The result must match the data exactly, line for line.

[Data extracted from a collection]
· · · ·
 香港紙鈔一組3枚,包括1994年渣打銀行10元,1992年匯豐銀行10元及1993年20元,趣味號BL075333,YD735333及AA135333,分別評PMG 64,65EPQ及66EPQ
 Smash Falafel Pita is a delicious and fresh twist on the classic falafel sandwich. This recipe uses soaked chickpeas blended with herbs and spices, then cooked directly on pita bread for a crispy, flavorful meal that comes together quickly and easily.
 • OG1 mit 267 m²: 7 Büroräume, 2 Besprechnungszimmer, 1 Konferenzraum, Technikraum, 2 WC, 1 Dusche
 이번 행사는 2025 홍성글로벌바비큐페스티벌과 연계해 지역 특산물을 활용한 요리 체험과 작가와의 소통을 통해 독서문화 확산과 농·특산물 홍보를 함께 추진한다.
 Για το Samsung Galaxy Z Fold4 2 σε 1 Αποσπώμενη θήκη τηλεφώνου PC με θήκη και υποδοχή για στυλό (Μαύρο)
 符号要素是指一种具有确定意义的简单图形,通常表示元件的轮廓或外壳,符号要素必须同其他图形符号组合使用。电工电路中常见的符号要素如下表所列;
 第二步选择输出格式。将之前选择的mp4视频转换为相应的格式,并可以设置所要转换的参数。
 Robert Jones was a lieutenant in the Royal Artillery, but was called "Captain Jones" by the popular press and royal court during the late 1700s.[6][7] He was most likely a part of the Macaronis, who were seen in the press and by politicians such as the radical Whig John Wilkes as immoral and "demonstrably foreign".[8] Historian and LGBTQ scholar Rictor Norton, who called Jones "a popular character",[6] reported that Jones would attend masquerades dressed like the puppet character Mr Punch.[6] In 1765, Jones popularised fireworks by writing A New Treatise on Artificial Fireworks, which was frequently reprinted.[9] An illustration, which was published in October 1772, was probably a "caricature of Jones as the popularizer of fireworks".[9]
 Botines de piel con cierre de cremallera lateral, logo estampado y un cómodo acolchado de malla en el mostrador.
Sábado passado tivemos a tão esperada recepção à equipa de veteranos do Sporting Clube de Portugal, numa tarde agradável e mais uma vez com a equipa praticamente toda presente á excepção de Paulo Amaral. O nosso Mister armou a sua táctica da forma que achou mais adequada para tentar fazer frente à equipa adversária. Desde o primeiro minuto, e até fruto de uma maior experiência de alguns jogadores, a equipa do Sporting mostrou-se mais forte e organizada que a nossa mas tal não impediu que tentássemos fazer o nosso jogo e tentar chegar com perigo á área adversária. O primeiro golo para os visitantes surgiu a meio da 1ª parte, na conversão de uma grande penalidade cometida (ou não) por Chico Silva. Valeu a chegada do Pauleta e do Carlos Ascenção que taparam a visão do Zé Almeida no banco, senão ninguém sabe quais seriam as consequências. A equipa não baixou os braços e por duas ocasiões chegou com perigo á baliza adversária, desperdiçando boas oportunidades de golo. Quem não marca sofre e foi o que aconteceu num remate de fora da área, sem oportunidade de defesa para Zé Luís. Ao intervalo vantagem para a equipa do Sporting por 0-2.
· · · ·
• Solution to this exercise:
 香港紙鈔一組3枚,包括1994年渣打銀行10元,1992年匯豐銀行10元及1993年20元,趣味號BL075333,YD735333及AA135333,分別評PMG 64,65EPQ及66EPQ
 Smash Falafel Pita is a delicious and fresh twist on the classic falafel sandwich. This recipe uses soaked chickpeas blended with herbs and spices, then cooked directly on pita bread for a crispy, flavorful meal that comes together quickly and easily.
 • OG1 mit 267 m²: 7 Büroräume, 2 Besprechnungszimmer, 1 Konferenzraum, Technikraum, 2 WC, 1 Dusche
 이번 행사는 2025 홍성글로벌바비큐페스티벌과 연계해 지역 특산물을 활용한 요리 체험과 작가와의 소통을 통해 독서문화 확산과 농·특산물 홍보를 함께 추진한다.
 Για το Samsung Galaxy Z Fold4 2 σε 1 Αποσπώμενη θήκη τηλεφώνου PC με θήκη και υποδοχή για στυλό (Μαύρο)
 符号要素是指一种具有确定意义的简单图形,通常表示元件的轮廓或外壳,符号要素必须同其他图形符号组合使用。电工电路中常见的符号要素如下表所列;
 第二步选择输出格式。将之前选择的mp4视频转换为相应的格式,并可以设置所要转换的参数。
 Robert Jones was a lieutenant in the Royal Artillery, but was called "Captain Jones" by the popular press and royal court during the late 1700s.[6][7] He was most likely a part of the Macaronis, who were seen in the press and by politicians such as the radical Whig John Wilkes as immoral and "demonstrably foreign".[8] Historian and LGBTQ scholar Rictor Norton, who called Jones "a popular character",[6] reported that Jones would attend masquerades dressed like the puppet character Mr Punch.[6] In 1765, Jones popularised fireworks by writing A New Treatise on Artificial Fireworks, which was frequently reprinted.[9] An illustration, which was published in October 1772, was probably a "caricature of Jones as the popularizer of fireworks".[9]
 Botines de piel con cierre de cremallera lateral, logo estampado y un cómodo acolchado de malla en el mostrador.
Sábado passado tivemos a tão esperada recepção à equipa de veteranos do Sporting Clube de Portugal, numa tarde agradável e mais uma vez com a equipa praticamente toda presente á excepção de Paulo Amaral. O nosso Mister armou a sua táctica da forma que achou mais adequada para tentar fazer frente à equipa adversária. Desde o primeiro minuto, e até fruto de uma maior experiência de alguns jogadores, a equipa do Sporting mostrou-se mais forte e organizada que a nossa mas tal não impediu que tentássemos fazer o nosso jogo e tentar chegar com perigo á área adversária. O primeiro golo para os visitantes surgiu a meio da 1ª parte, na conversão de uma grande penalidade cometida (ou não) por Chico Silva. Valeu a chegada do Pauleta e do Carlos Ascenção que taparam a visão do Zé Almeida no banco, senão ninguém sabe quais seriam as consequências. A equipa não baixou os braços e por duas ocasiões chegou com perigo á baliza adversária, desperdiçando boas oportunidades de golo. Quem não marca sofre e foi o que aconteceu num remate de fora da área, sem oportunidade de defesa para Zé Luís. Ao intervalo vantagem para a equipa do Sporting por 0-2.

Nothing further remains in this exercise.